◆ **Exercise data**:
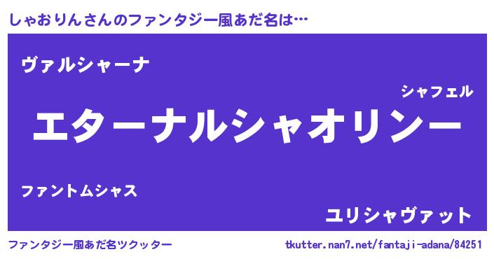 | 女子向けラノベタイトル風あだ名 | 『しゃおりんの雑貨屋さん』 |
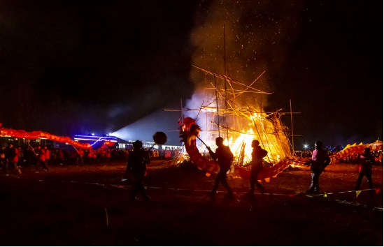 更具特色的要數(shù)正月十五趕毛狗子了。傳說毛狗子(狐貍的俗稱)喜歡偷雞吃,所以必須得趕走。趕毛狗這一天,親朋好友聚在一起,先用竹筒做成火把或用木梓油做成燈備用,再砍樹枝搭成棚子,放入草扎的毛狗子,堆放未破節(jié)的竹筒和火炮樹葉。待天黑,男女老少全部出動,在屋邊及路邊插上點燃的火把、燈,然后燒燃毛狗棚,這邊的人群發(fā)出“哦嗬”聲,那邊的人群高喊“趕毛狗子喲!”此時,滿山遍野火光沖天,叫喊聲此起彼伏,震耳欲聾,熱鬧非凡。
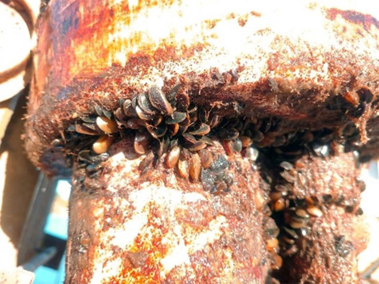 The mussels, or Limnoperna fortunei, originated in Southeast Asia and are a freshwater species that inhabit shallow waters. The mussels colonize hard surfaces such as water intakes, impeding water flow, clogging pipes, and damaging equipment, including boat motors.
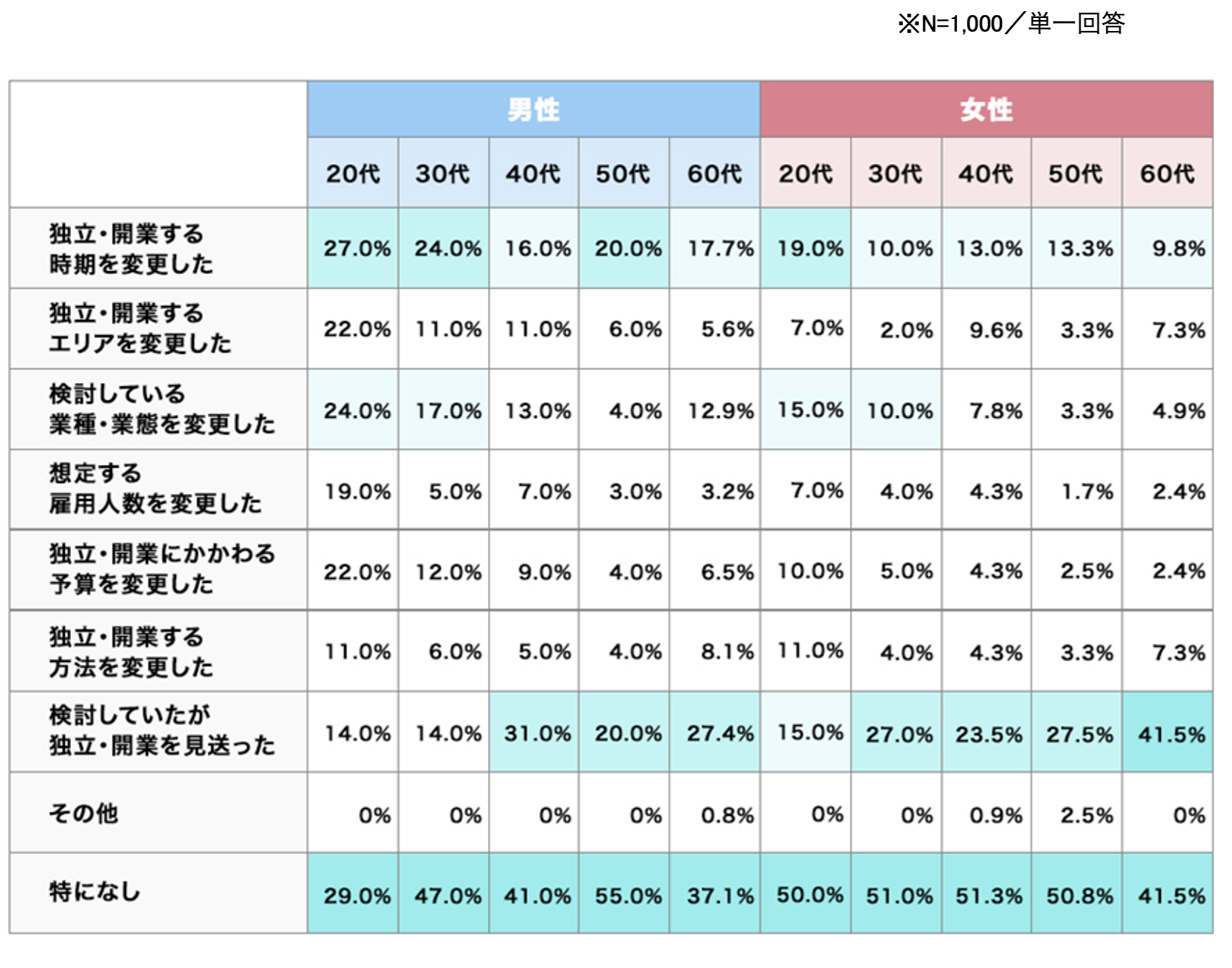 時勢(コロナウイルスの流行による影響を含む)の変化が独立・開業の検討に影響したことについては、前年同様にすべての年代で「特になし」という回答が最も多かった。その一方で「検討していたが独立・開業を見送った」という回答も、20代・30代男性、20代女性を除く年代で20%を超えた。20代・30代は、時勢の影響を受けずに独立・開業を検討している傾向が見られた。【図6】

---

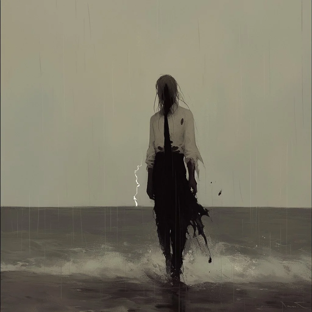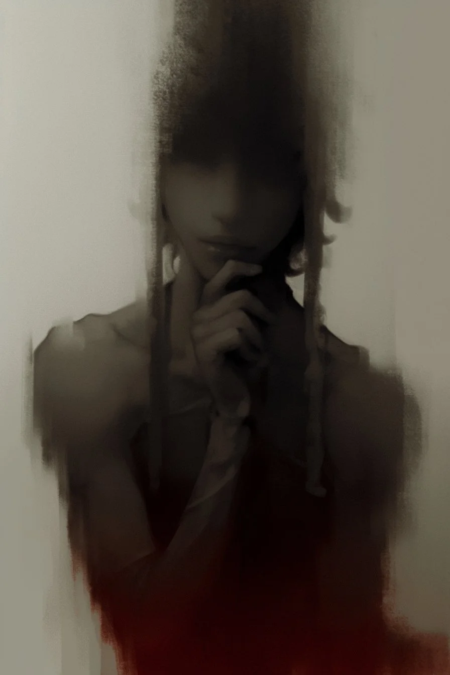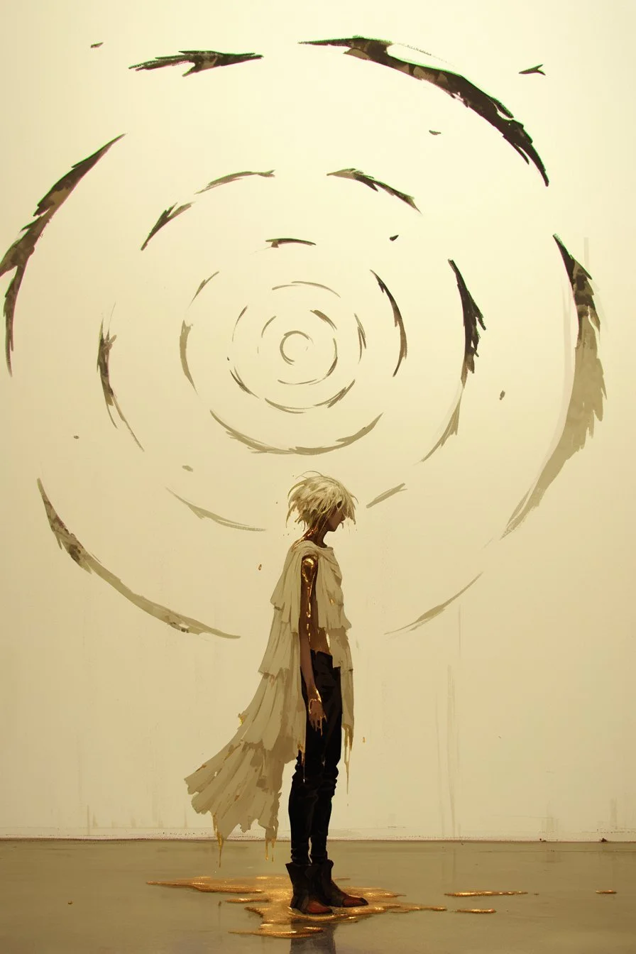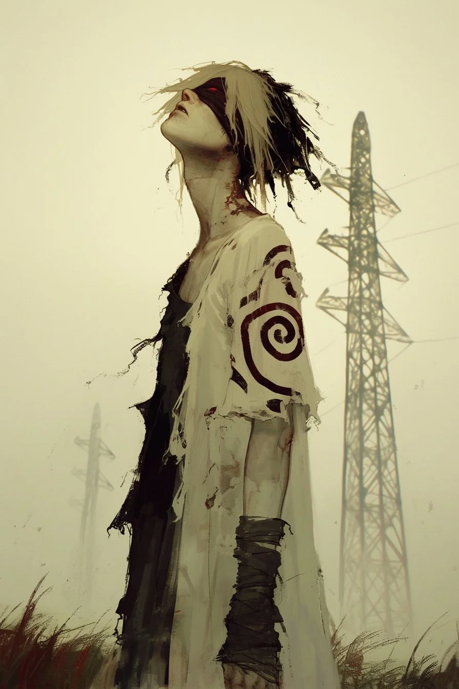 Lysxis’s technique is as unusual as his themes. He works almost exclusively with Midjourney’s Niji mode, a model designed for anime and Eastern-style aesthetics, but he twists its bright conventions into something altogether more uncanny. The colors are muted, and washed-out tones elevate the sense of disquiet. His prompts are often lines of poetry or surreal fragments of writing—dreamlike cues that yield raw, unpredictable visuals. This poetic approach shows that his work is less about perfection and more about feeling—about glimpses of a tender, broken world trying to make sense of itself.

--

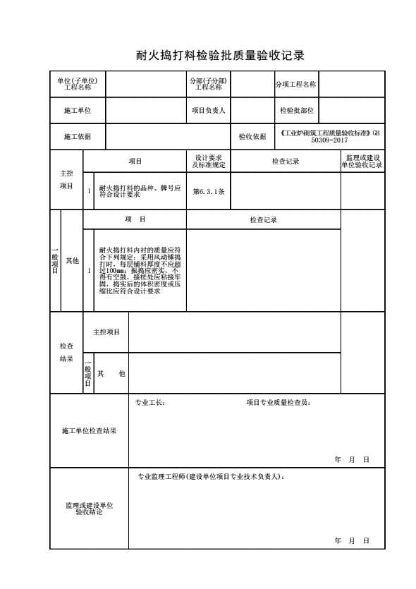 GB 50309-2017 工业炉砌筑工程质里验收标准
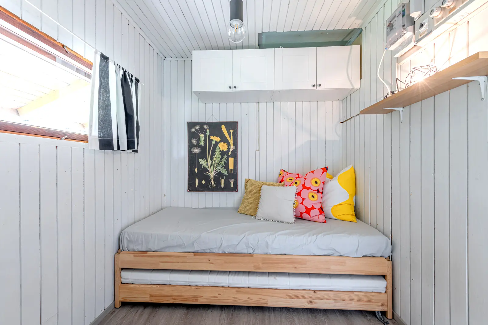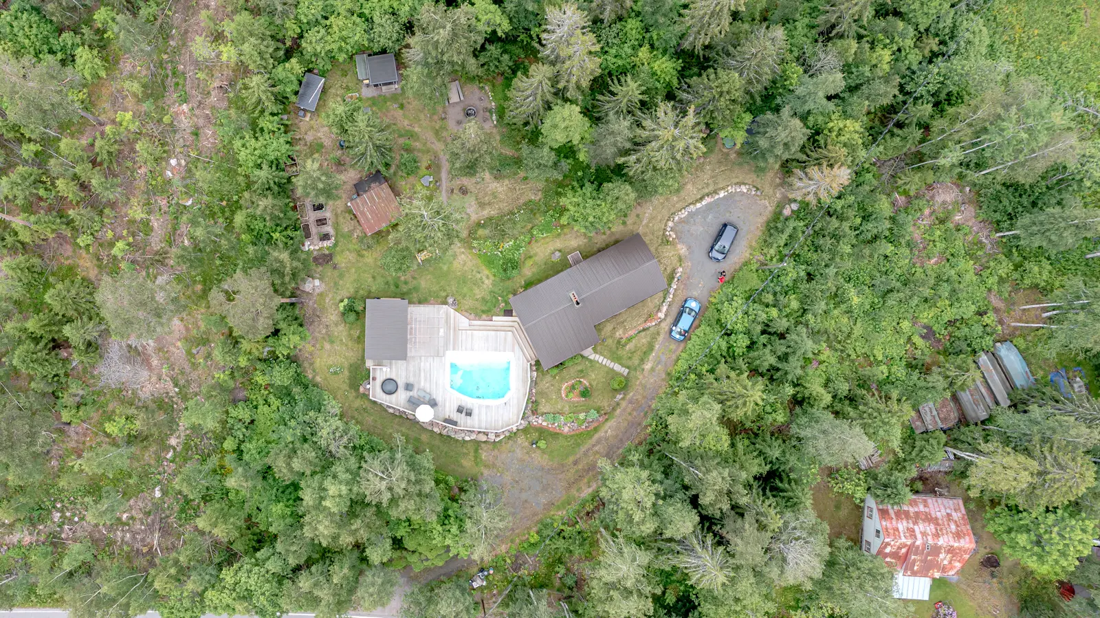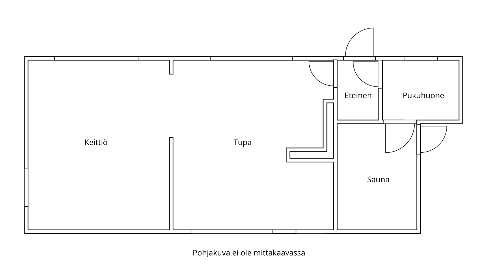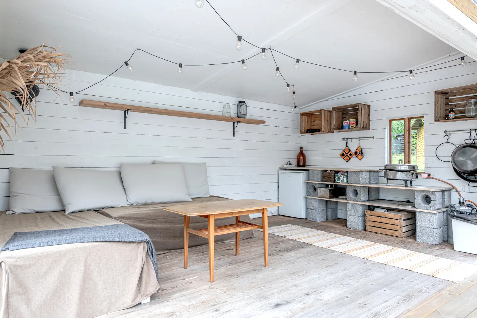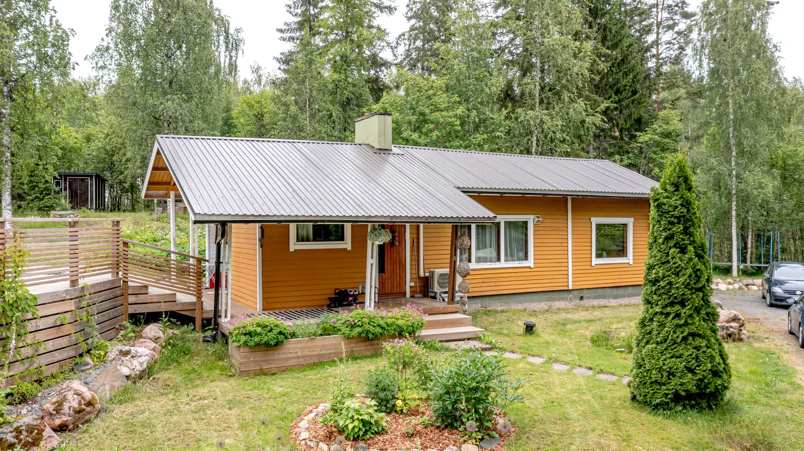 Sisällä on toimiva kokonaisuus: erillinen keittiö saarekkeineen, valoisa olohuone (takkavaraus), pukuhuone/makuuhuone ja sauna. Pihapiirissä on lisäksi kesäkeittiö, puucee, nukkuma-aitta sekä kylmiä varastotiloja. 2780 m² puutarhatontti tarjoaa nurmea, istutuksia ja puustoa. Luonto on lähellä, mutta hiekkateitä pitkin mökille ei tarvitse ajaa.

◆ **Required work**:
Look above for the line with "女子向けラノベタイトル風あだ名 | 『しゃおりんの雑貨屋さん』 |", then give again exactly every line from there through the line with "時勢(コロナウイルスの流行に", skipping the pictures.

◆ **Your solution**:
 | 女子向けラノベタイトル風あだ名 | 『しゃおりんの雑貨屋さん』 |
 更具特色的要數(shù)正月十五趕毛狗子了。傳說毛狗子(狐貍的俗稱)喜歡偷雞吃,所以必須得趕走。趕毛狗這一天,親朋好友聚在一起,先用竹筒做成火把或用木梓油做成燈備用,再砍樹枝搭成棚子,放入草扎的毛狗子,堆放未破節(jié)的竹筒和火炮樹葉。待天黑,男女老少全部出動,在屋邊及路邊插上點燃的火把、燈,然后燒燃毛狗棚,這邊的人群發(fā)出“哦嗬”聲,那邊的人群高喊“趕毛狗子喲!”此時,滿山遍野火光沖天,叫喊聲此起彼伏,震耳欲聾,熱鬧非凡。
 The mussels, or Limnoperna fortunei, originated in Southeast Asia and are a freshwater species that inhabit shallow waters. The mussels colonize hard surfaces such as water intakes, impeding water flow, clogging pipes, and damaging equipment, including boat motors.
 時勢(コロナウイルスの流行による影響を含む)の変化が独立・開業の検討に影響したことについては、前年同様にすべての年代で「特になし」という回答が最も多かった。その一方で「検討していたが独立・開業を見送った」という回答も、20代・30代男性、20代女性を除く年代で20%を超えた。20代・30代は、時勢の影響を受けずに独立・開業を検討している傾向が見られた。【図6】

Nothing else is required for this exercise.